Bonds, US futures advance as debt-deal push ramps up

BLOOMBERG

Treasuries and US stock futures advanced on hopes that Congress will pass a debt accord to head off a default as White House and Republican congressional leaders stepped up lobbying in support of the deal.
Treasury yields fell across the curve. Yields on short-dated bills — the most at risk of a default — were indicated lower as they extended a decline from recent highs. Contracts on the S&P 500 and Nasdaq 100 rose 0.5% and 1% respectively. Nvidia Corp advanced 3.1% in premarket trading after CEO Jensen Huang unveiled several AI-related
products and services
The clock is ticking as backers of the agreement have only a week to get it through Congress before a possible June 5 default — the so-called X Day. President Joe Biden has been personally calling lawmakers to support the bill, with a vote by the House likely on Wednesday, before it goes to the Senate. Even if the deal is approved, traders have to contend with risks including a probable Federal Reserve rate hike next month and a slowdown in China which sent a key stocks gauge into a bear market on Tuesday.
“Maybe the rally has a bit further to go but it’s more buy-on-rumour, sell-on-the-news,” said Cesar Perez Ruiz, chief investment officer of Pictet Wealth Management. “As from now, we will go back to looking at economy, inflation, plus the drain of liquidity as the Treasury General Account will need to be refilled.”

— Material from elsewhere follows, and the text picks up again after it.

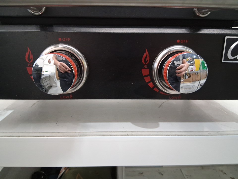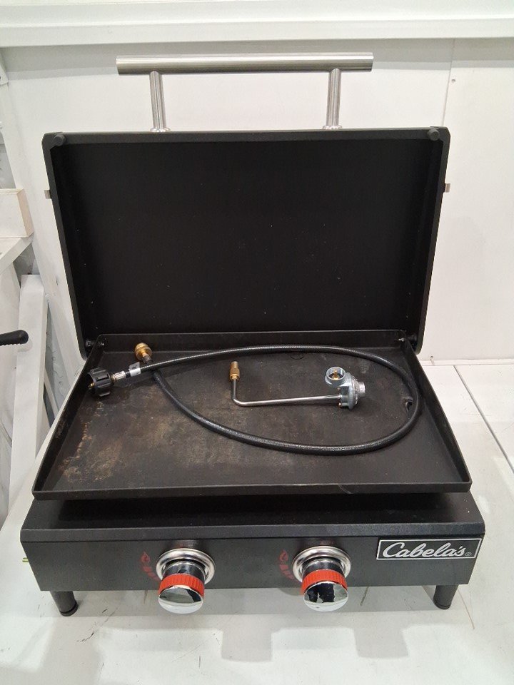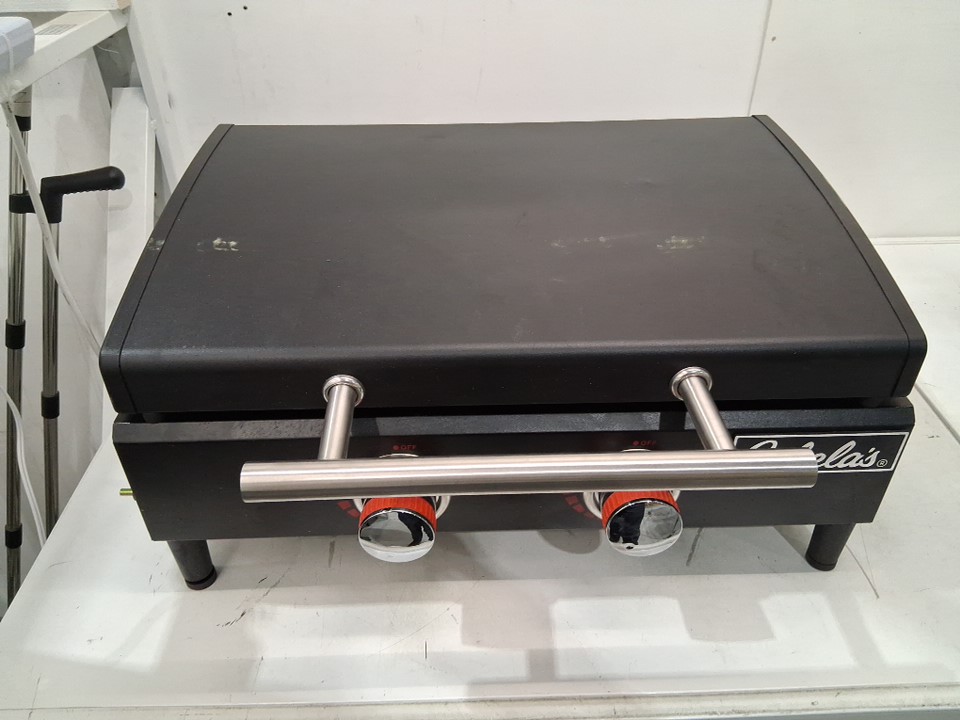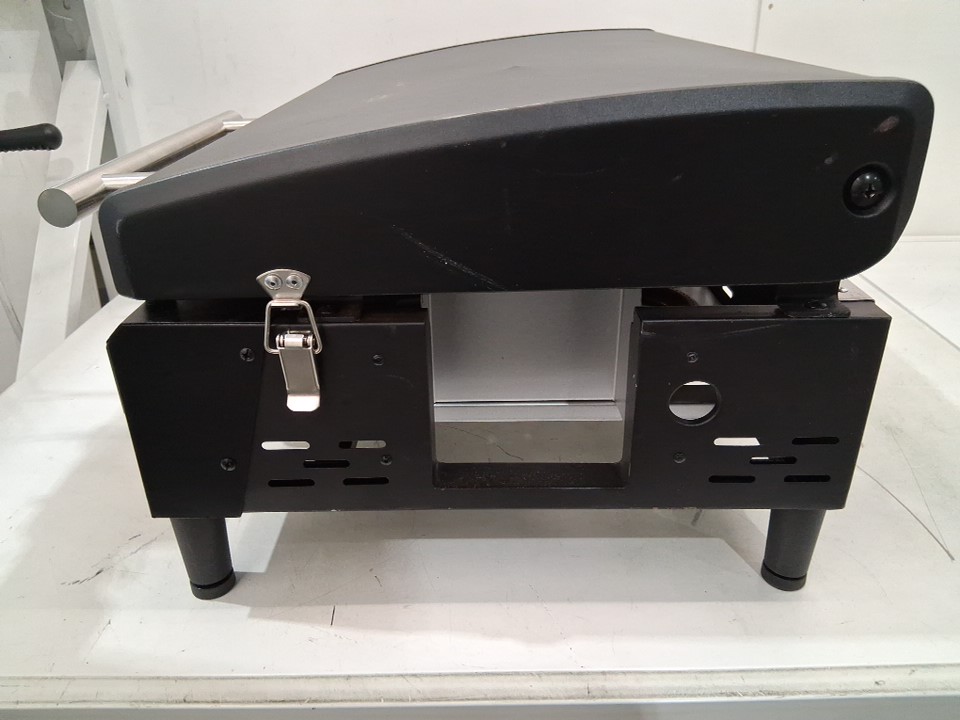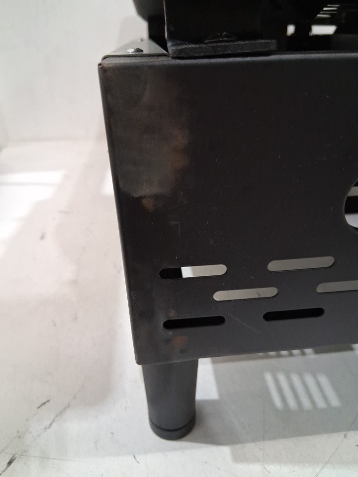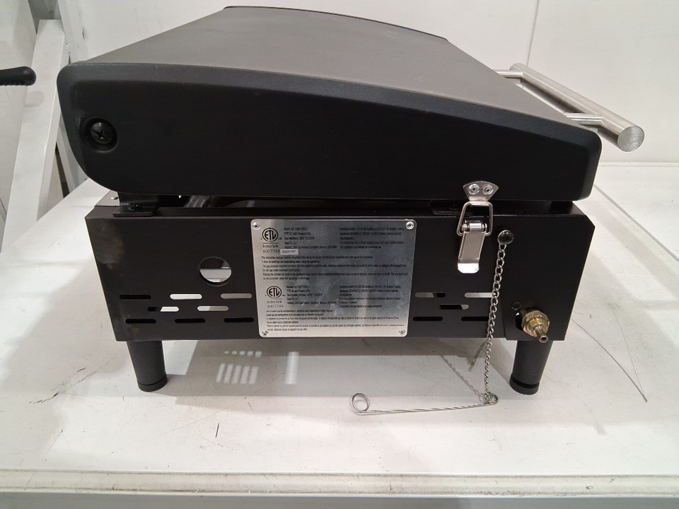 There are some scorch marks/grease stains left on the cooking surface indicating some prior use. There are also some dirt stains and light scuffs on the surface of the hood and on the left side of the grill, either from prior use or shipping without any packagine - see photos. Outside of these issues, the grill appears to be in good condition without any notable damage that would impede function, though we are unable to fully test its function within our facility.

European stocks fluctuated. Nestle SA and Unilever Plc declined after both announced the appointment of new chief financial officers, underscoring a changing of the guard at consumer-goods companies as inflation pressures the industry. Euro-area government bonds got a boost from data showing inflation in Spain slowed more than expected in May.
The Hang Seng China Enterprises Index dropped as much as 1% on Tuesday, marking the fifth day of declines and taking its losses from a January 27 peak to about 20%. The HSCEI gauge and Hong Kong’s benchmark Hang Seng Index are among the month’s worst performing major equity gauges, as a sluggish economic recovery, weakening yuan and tensions with the US leave traders with little reason to buy. The offshore yuan weakened past 7.1 per dollar for the first time since November.
Assuming Congress approves the debt deal, the Treasury Department may sell more than $1 trillion of bills through the end of the third quarter to bolster its cash balances, according to some estimates, depriving other markets of liquidity needed to maintain gains.
For Fed policymakers, details of the deal will be another consideration when they meet next month, with markets pricing in an increase of 25 basis points by July. The focus this week will be on US jobs data, with economists expecting the addition of 200,000 payrolls in May, down from average monthly growth of about 370,000 over the past year.
“The key point for us is that US growth will continue to slow, credit tightening will continue through the second half of the year,” Wayne Gordon, executive director of commodities and FX at UBS Global Wealth Management, said on Bloomberg TV. “It may indeed lead to the Fed starting to do a more obvious pivot, potentially even starting to cut rates by the end of the fourth quarter.”
Meanwhile, a rush of 12 banks and firms are tapping Europe’s primary bond market, seeking to get out ahead of a potential US debt-ceiling deal that may lead to a deluge of T-bill sales.